On 17 June 2025, in Re Kaur S ECI 2025 01364 the Supreme Court made a further modification to the network of restrictive covenants in the Mt Ridley Estate, Mickleham, shown below:

That takes the number of titles modified to allow an additional one or two dwellings, to six or more in recent years. We are now finding that most applications proceed unopposed.
And for good reason. Large subdivisions of land such as that in the Mt Ridley Estate incorporate single dwelling covenants often as an assurance to planning authorities that infrastructure will not be overwhelmed by the subdivision and subsequent development of land.
As time passes, and surrounding land is intensively developed, these subdivisions stand as artefacts to infrastructure conditions long gone.

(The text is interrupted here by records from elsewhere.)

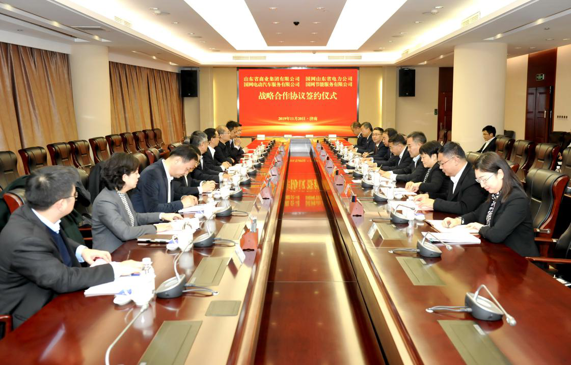 11月20日,省商業集團有限公司(以下簡稱魯商集團)與國網山東省電力公司(以下簡稱國網山東電力)、國網電動汽車服務有限公司(以下簡稱國網電動汽車公司)、國網節能服務有限公司(以下簡稱國網節能公司)戰略合作協議簽約儀式在濟南舉行。
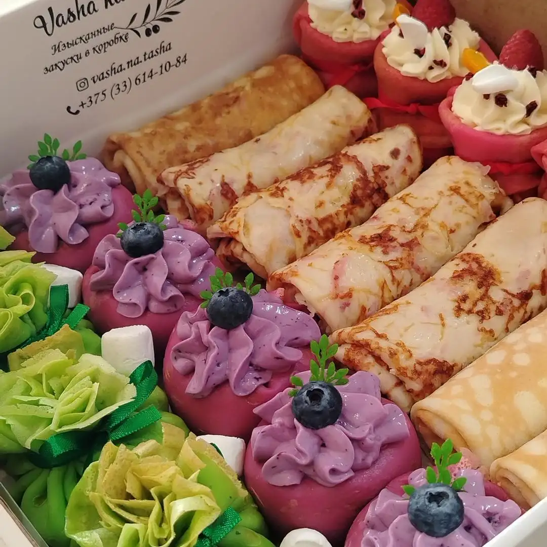 Блинчики шпинатные с форелью — 5 шт Блинчики малиновые — 6 шт Блинчики лавандовые — 5 шт Блинчики с припеком — 7 шт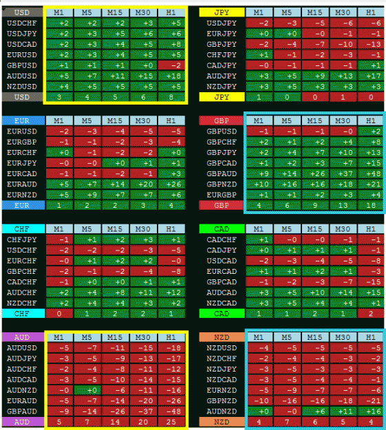 Each currency group has 7 currency pairs; and I will be looking for a group that is showing strength or weakness on at least 4 or more of the associated currency pairs - the more, the stronger or weaker. See this live example taken around 9 pm PST (US/Canada)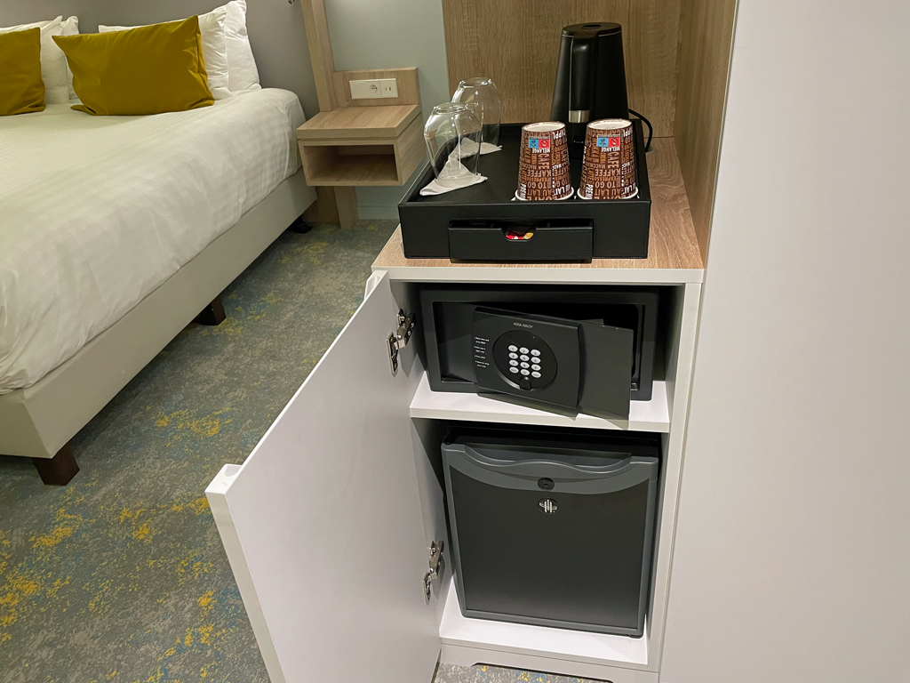 Nach dem Kleiderschrank ist ein Bar verbaut. Im unteren Schrankteil befinden sich ein leiser leerer Kühlschrank und ein Zimmersafe. Darüber befand sich auf dem frei zugänglichen Teil ein Wasserkocher mit To Go Kaffebechern und Gläsern. Für die Kaffeebereitung standen Instantkaffee und Zucker zur Verfügung.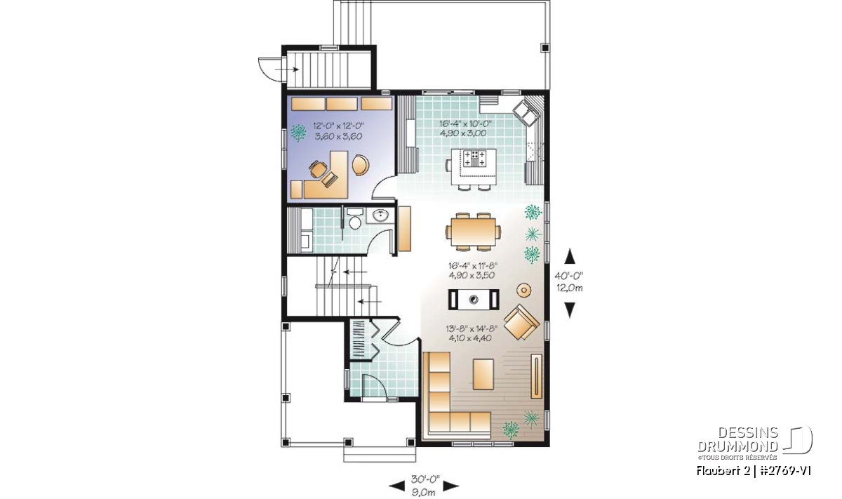Plafond à 9' sur tout le rez-de-chaussée.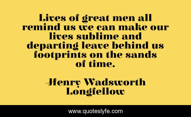 This page presents the quote "Lives of great men all remind us we can make our lives sublime and departing leave behind us footprints on the sands of time.". Author of this quote is Henry Wadsworth Longfellow. This quote is about models, role,.

Lots remain sufficiently large for further subdivision to occur without noticeably impacting on the amenity of neighbouring beneficiaries and the Supreme Court seems increasingly comfortable in approving applications to vary these covenants.
Significantly, the experience has been quite different for those people who apply via the permit application process, with an application in Ambrosio v Hume CC [2019] VCAT 2049 being refused on the basis that the grant of a permit could result in amenity or character loss through the creation of a differently shaped lot.
The Supreme Court, however, has been flexible in the creation of regular lots and battle axe allotments to work around existing dwellings.